Required work | When you find the line with "Cappuccio: il cappuccio" among the records below, reproduce it and each line after it exactly, ending with the line with "한국장학재단(www.kosaf.go.kr), 한국장학재단 콜센터".

Information |
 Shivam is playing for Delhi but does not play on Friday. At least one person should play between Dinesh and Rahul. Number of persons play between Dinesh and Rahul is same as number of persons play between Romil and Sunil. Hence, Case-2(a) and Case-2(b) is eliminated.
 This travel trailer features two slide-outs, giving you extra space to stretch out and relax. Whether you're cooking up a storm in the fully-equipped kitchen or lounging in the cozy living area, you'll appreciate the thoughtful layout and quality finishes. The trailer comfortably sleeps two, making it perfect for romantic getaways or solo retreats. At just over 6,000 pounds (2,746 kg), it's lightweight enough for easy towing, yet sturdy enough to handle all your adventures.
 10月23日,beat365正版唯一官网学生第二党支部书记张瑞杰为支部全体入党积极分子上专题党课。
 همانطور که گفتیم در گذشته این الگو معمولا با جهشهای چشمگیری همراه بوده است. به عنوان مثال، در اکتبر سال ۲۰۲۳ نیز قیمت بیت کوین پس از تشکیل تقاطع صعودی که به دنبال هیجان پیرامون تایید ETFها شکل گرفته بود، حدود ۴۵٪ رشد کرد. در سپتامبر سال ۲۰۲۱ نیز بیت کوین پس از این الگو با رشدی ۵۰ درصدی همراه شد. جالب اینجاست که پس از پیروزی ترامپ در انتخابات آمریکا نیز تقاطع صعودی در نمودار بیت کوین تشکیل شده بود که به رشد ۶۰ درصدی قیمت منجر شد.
...
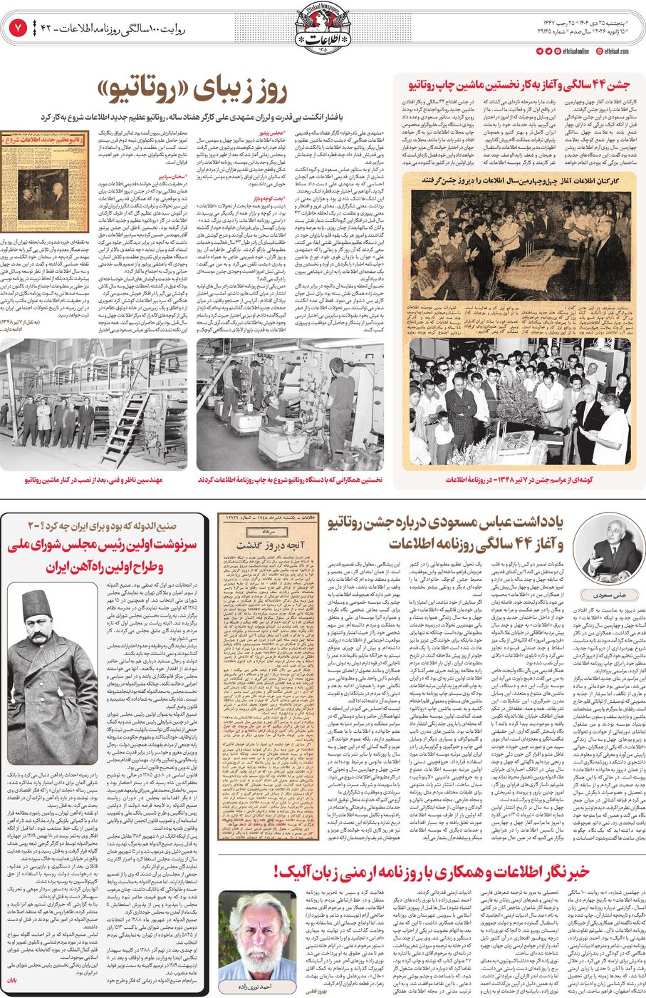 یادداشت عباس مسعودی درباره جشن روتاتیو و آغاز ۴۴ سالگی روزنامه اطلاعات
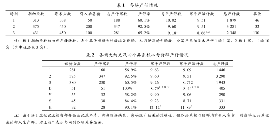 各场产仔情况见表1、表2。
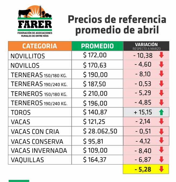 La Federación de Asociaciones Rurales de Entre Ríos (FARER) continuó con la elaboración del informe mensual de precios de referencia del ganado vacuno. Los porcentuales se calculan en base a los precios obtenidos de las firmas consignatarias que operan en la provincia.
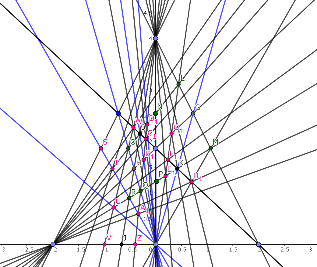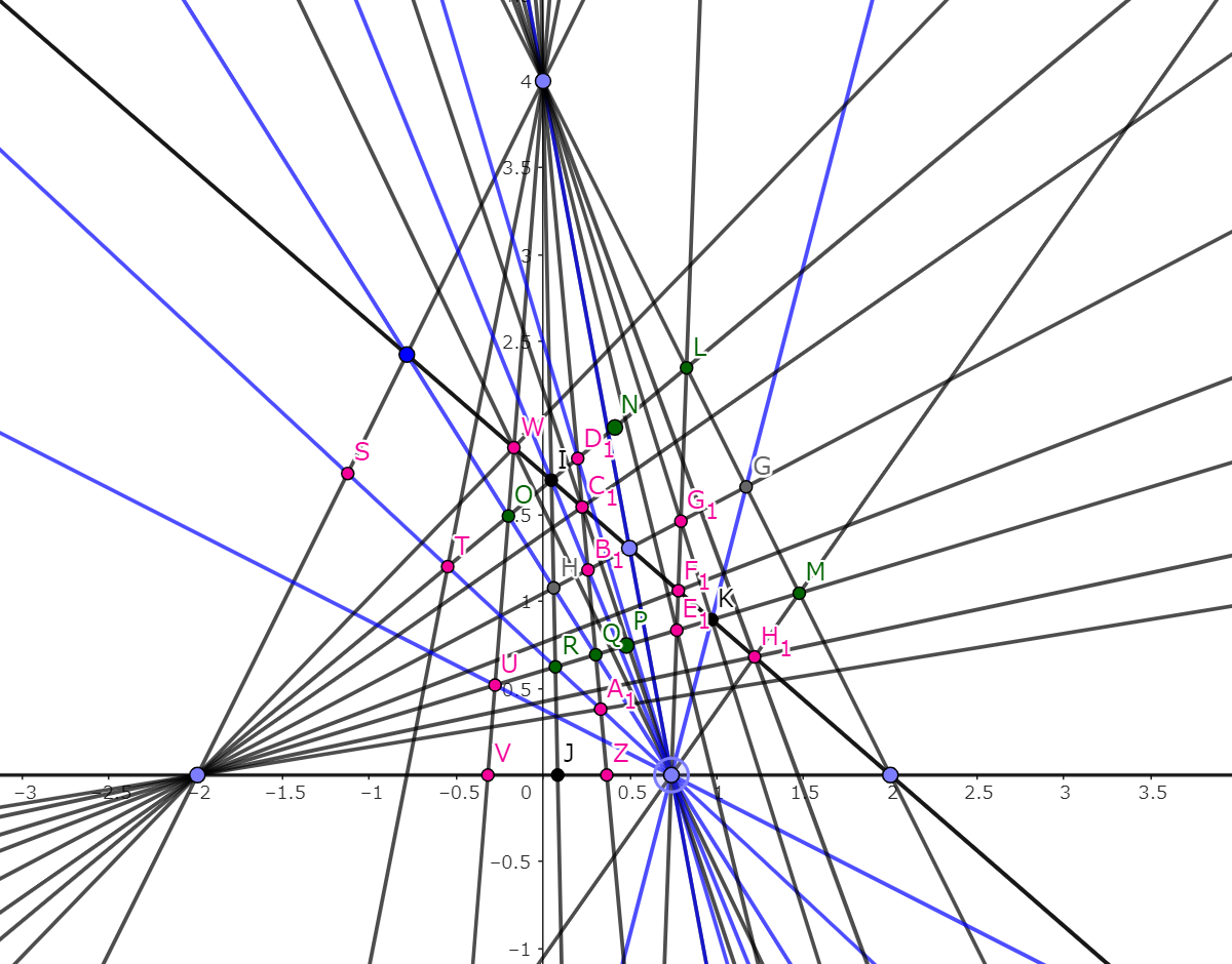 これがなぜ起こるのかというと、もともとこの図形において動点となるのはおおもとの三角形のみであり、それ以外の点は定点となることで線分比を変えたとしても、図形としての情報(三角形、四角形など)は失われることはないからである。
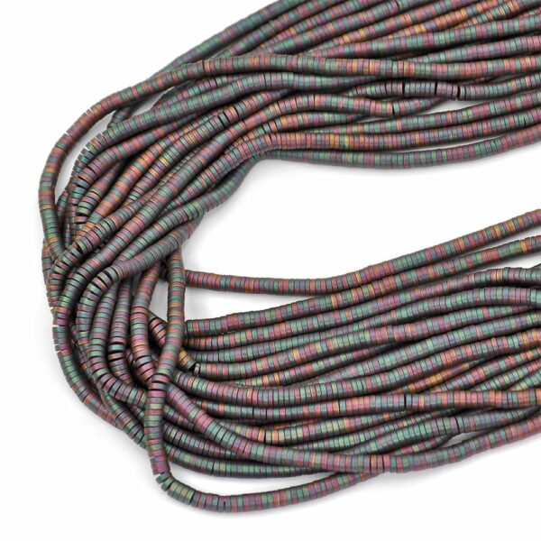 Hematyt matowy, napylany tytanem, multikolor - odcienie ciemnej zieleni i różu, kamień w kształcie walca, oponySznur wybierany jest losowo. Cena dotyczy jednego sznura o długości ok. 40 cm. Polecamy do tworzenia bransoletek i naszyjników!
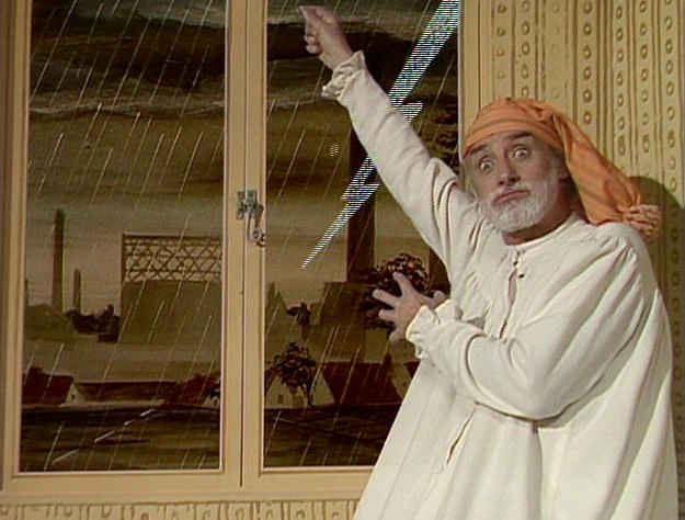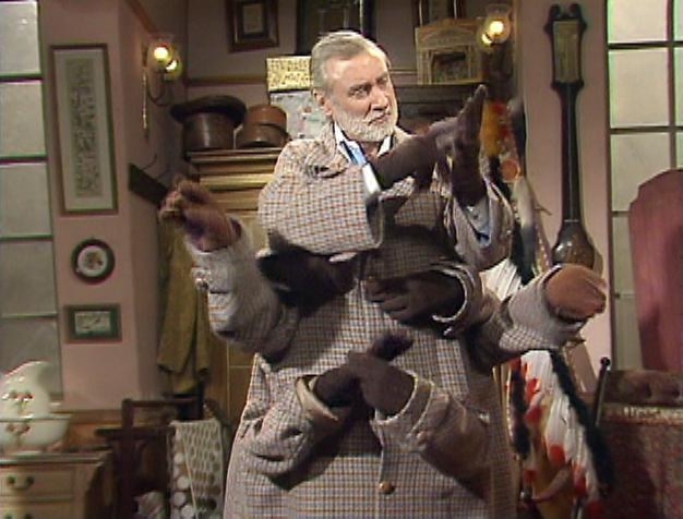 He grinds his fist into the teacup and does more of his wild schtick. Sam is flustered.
...
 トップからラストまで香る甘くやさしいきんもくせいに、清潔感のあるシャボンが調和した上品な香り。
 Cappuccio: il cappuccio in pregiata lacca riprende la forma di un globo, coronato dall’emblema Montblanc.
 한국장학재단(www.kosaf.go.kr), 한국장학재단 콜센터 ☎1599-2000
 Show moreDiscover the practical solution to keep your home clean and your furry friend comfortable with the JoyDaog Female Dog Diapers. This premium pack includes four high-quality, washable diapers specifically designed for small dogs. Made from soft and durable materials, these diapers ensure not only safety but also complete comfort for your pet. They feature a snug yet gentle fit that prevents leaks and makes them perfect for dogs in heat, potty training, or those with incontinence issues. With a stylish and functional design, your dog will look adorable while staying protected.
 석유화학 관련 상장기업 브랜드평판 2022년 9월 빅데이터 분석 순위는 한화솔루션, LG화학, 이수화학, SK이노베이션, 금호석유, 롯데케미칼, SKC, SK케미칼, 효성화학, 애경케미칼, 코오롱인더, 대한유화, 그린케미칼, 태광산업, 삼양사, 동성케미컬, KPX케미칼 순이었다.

Reply |
 Cappuccio: il cappuccio in pregiata lacca riprende la forma di un globo, coronato dall’emblema Montblanc.
 한국장학재단(www.kosaf.go.kr), 한국장학재단 콜센터 ☎1599-2000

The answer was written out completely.